The US economy is experiencing something unprecedented: AI infrastructure spending is now contributing as much to US GDP growth as consumer spending. For Australian investors, this is enormously significant. The investment phase must eventually give way to an impact phase, and the timeline will shape global markets for the next decade.

A Historic Shift in GDP Composition

AI infrastructure spending is now contributing as much to US GDP growth as consumer spending. This is remarkable, given consumer spending represents roughly 70% of the American economy while AI infrastructure is a tiny fraction by comparison.

The scale of investment is staggering. The top 11 cloud providers are forecast to deploy $392 billion in 2025 alone, more than the previous two years combined.
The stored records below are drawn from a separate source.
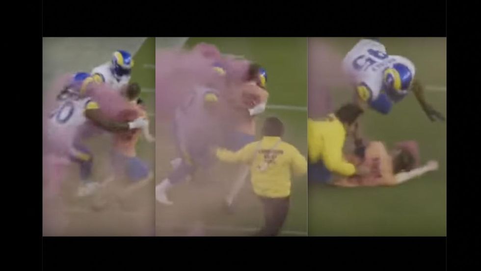 Los Angeles Rams linebacker Bobby Wagner absolutely leveled an animal-rights activist who made the mistake of running onto the playing field during Monday night's football game against the San Francisco 49ers — and getting a tad too close to the Rams' sideline.
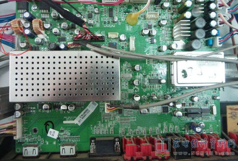 接修一台创维32L02RM电视,故障表现为开机三无,拆机检查5V电压为1.9V,指示灯暗红,拔下主板供电,测5V电压为5.03V,属于正常,怀疑主板问题,恰巧手头有一块同样主板,试机还是不行,这样把重点放在电源板上,怀疑是5V负载能力低下,更换滤波电容后故障修复(在散热片里面有一个此电容)。
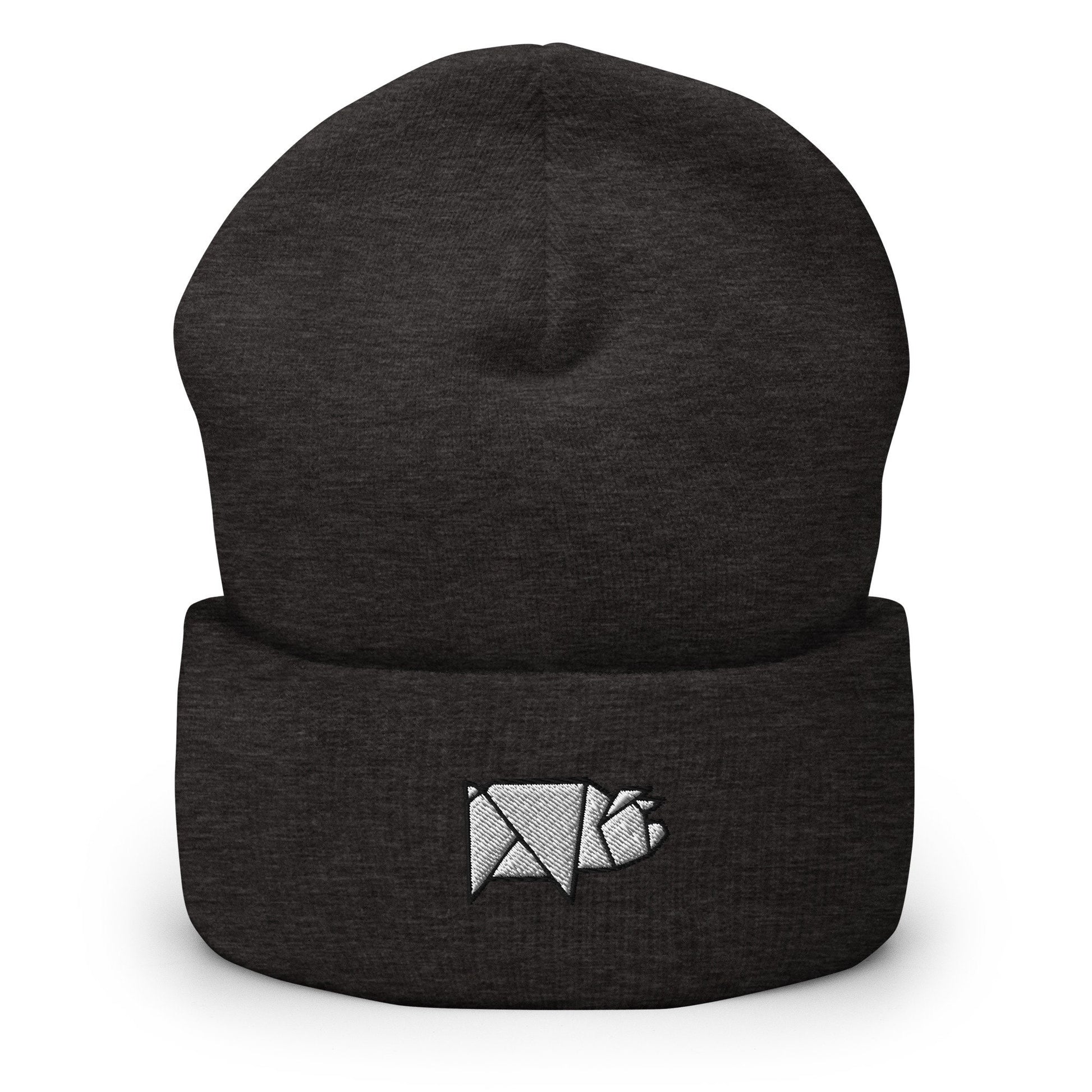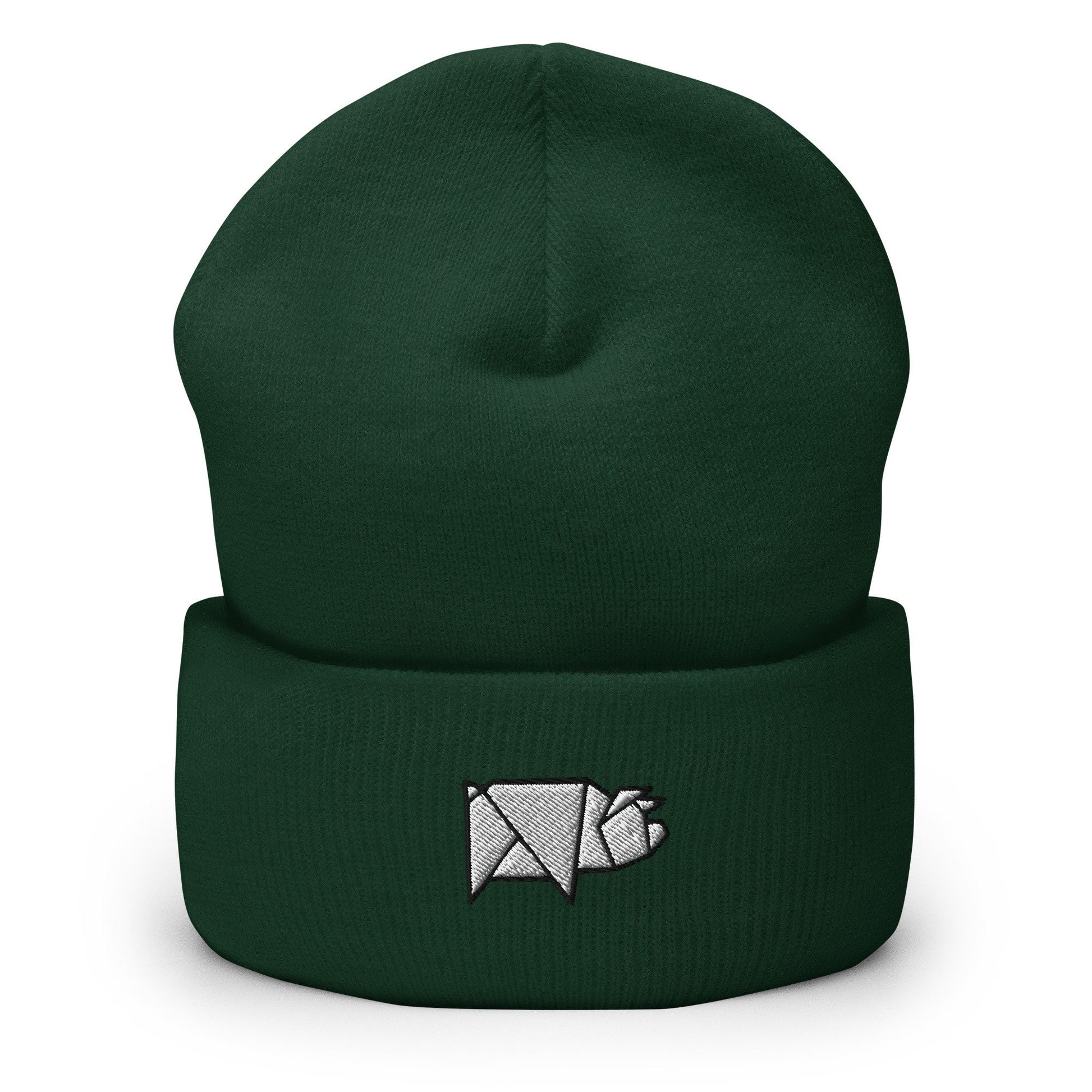 Origami Pig Embroidered Beanie, Handmade Cuffed Knit Unisex Slouchy Adult Winter Hat Cap Gift

Just four companies (Amazon, Microsoft, Alphabet, and Meta) account for $315 billion of this AI infrastructure spending. Add Oracle’s massive cloud deals and Tesla’s AI infrastructure buildout, and the capital deployment becomes so enormous it’s reshaping the composition of US economic growth itself.

Investment Phase, Not Impact Phase

The critical point is we’re measuring the investment, not the impact. Think of AI’s economic contribution today as construction spending. It boosts GDP through building activity, equipment purchases, and employment. But construction spending isn’t the same as the economic value of the completed building.

Right now, AI is contributing to growth through capital deployment. The actual productivity gains that justify this spending remain largely ahead of us. Goldman Sachs research found no discernible impact yet on aggregate productivity measures. Enterprise AI initiatives currently achieve just 5.9% ROI against 10% capital investment. The gap between spending and economic returns is wide.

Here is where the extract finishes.